1

That's a bit difficult to write in an easy-to-understand title...

When I run float.Parse() on "12E2" or "12e2" it returns 1200 (12*10^2) rather than 144 (12^2). This happens with any number, not just this one case.

Edit: Yes, I know 12E2 is not supposed to give 12^2. I’m asking how you are meant to do it.

What notation would be required to have it return a regular exponent (eg. 12^2)?

I've tried using ^, which throws an error, but I can't seem to tell from the docs what notation is supposed to be used for regular exponents.

Here's my code, not much at all:

Debug.Log("text is " + text);
input1 = float.Parse(text.ToString());
Debug.Log("Parsed string to " + input1);

It takes the user input text and converts it to a float.

  • 1
    12 * 100 is 1200, isn't it? `12E2` literally means `12 x 10²`. You want powers `Math.Pow(12, 2)`. – ProgrammingLlama Nov 27 '20 at 05:42
  • Nothing... What you want it to a do, is parse a mathematical expression, and its just not designed to do that. – TheGeneral Nov 27 '20 at 05:43
  • [Ask Dr.

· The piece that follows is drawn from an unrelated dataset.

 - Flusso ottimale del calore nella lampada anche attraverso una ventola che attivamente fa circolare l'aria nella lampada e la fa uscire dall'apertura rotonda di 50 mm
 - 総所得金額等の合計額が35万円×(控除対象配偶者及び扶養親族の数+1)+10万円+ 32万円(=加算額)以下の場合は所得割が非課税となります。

Math's explanation of exponent](http://mathforum.org/library/drmath/view/57140.html#:~:text=The%20e%20stands%20for%20Exponent,multiplied%20by%2010%20sixteen%20times): _"I get 1.524157875019e+16, which means that the answer is 1.524157875019 times 10 raised to the sixteenth power (that is, multiplied by 10 sixteen times)"_ – ProgrammingLlama Nov 27 '20 at 05:44
  • 1
    I have voted to reopen this question (not because I answered... well maybe a little) ... The close reason has no relevance to the question asked both in the title and the body of the question. "*What notation would be required to have it return a regular exponent* - The question (as far as the standards of stackoverflow go) is fine, even if it has a little misunderstanding in it. – TheGeneral Nov 27 '20 at 06:21
  • `12^2` is a math expression, not an integer literal – phuclv Nov 27 '20 at 06:39
  • [evaluating-a-mathematical-expression-in-a-string](https://stackoverflow.com/questions/2371436/evaluating-a-mathematical-expression-in-a-string) – Patrick Artner Nov 27 '20 at 10:57

1 Answers1

4

What you have (12E2) is standard scientific notation, and the results you are getting are correct 1200 (12*10^2). That is exactly what the E means, m × 10n.

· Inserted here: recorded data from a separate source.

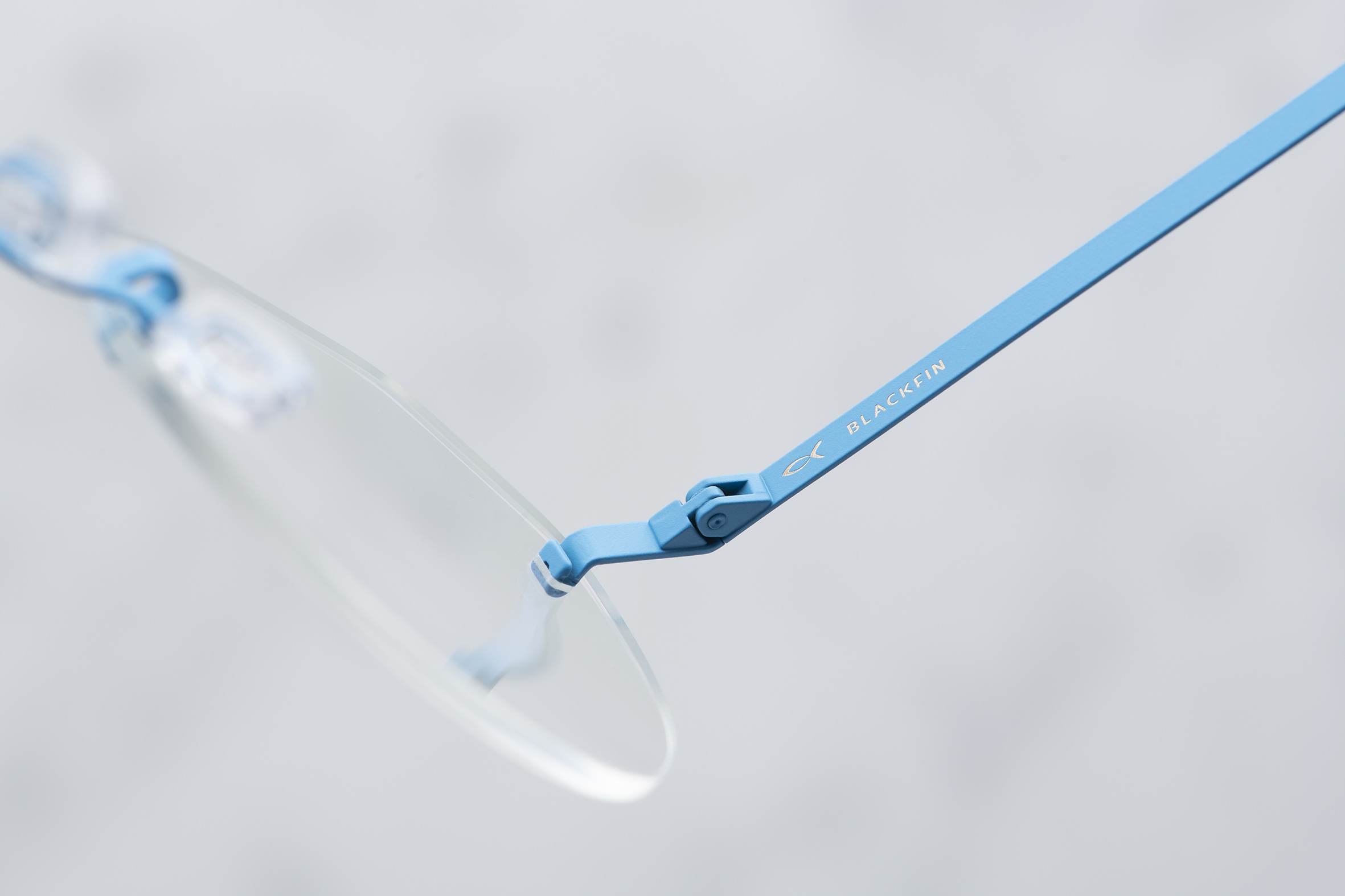 Each AERO style is made with a 0.7 mm thin sheet of beta titanium for the bridge ‒ to guarantee absolute frame stability ‒ and 0.5 mm for the temples, to ensure flexibility and comfortable fit. Unique in shape but traditional in its micro-mechanics, the hinge lends an air of solidity and can be easily adjusted, thus combining understated, minimalist design with the bold, recognizable features of the Blackfin brand.
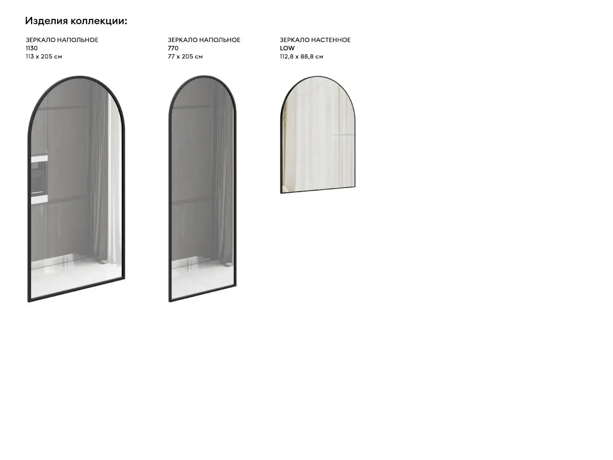 Зеркало напольное, крепление к стене в верхней точке. Обязательно установка на пол. Рамка – МДФ 25мм, окрашенная эмалью. Зеркало – толщиной 4мм, простое. Задняя стенка (заглушка) – ЛДСТп черная гладкая 10мм.
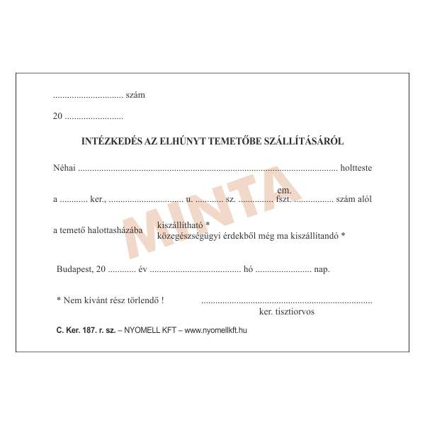 C.KER.187 INTÉZKEDÉS AZ ELHUNYT TEMETŐBE SZÁLLÍTÁSÁRÓL, FEKVŐ, 1 OLDALAS, A/6,

Furthermore, there are no overloads or options to use Parse for regular power expressions. Parse is just not designed to do arbitrary mathematical operations (which is what you are asking)

You can however parse it your self to a certain degree and split on E or ^ or what ever you like really (assuming this is user input), then parse each component to pass into Math.Pow.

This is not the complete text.